Sosa’s Research Leverages Identity to Inform Mental Health Strategies
Jan. 27, 2025
Raquel Sosa knew she wanted to pursue a career in psychology before she ever set foot on a college campus. A Pennsylvania native, Sosa graduated from East Stroudsburg University (ESU) with her bachelor’s degree in psychology. Several of her ESU professors graduated from Lehigh and encouraged her to look at the psychology programs that Lehigh offers.
“So I knew a bit about Lehigh from those professors,” she says. “And looking at the differences between clinical and counseling psych, counseling psychology definitely attracted me a lot more because of the emphasis on social justice.” Sosa was interested in working with Latinx and immigrant populations which made the COE’s Counseling Psychology doctoral program a good fit for her interests.
“At Lehigh, there are professors who are doing research within the Latinx community and working with local schools,” she says.“My advisor was very interested in working with immigrants and really being involved in the community.”
During her years of study, she also worked at the Community Voices Clinic (CVC) as a graduate assistant during her studies.

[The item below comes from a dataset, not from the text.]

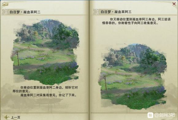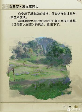 入睡之后技能栏会变成一个qte,变成凝血草之后分别和阿大阿二阿三对话,不得不说这个草是真的话痨。

The CVC is a school-based mental health clinic operating within the family centers at Donegan Elementary and Broughal Middle school. Sosa started out providing therapy in Spanish and English for families and youth at the elementary school and middle school. As she progressed through her doctoral program, she also supervised other graduate students providing care at the CVC.
“Generally youth are in a stage of their life where they are finding their sense of identity,” Sosa said. “When I think specifically about Latinx youth they have the compounded stress of acculturation and discrimination.” Sosa created a five-session intervention with Latinx middle school students for her dissertation. Her intervention focused on how students can become critically and socially aware of oppression and how this awareness can help improve students’ mental health and help them cope with mental health struggles.
“As part of the intervention, we talked a lot about oppression and what strengths students already had being Latinx, from their families and their culture,” she says. “And then at the end of the intervention we said, ‘Now that we have this knowledge, what's our action plan?’” Sosa’s guidance for the students focused on the actions they can take towards a more positive and hopeful future.
“I found that the students who went through the programming I created had significantly greater psychological well-being than students who didn't receive any treatment when I controlled for school climate, which was a covariate,” she says.
Now in the final year of her doctoral studies, Sosa is completing an internship at Columbia Medical Center in New York City. As part of her internship, she works with clients living in the Washington Heights area. Therapy is conducted both in Spanish and in English. “It’s been a great learning experience and really cool to speak Spanish at work,” she says.
After graduation, Sosa will join the faculty at The College of New Jersey as an assistant professor in psychology. “My plan is to extend the programming I created, which I named ‘Fuerza,’ meaning ‘Strength’ in Spanish,” she says. “I also have experience doing research with existing data sets on the role of school climate and immigrants' mental health and look forward to continuing that line of research, too.”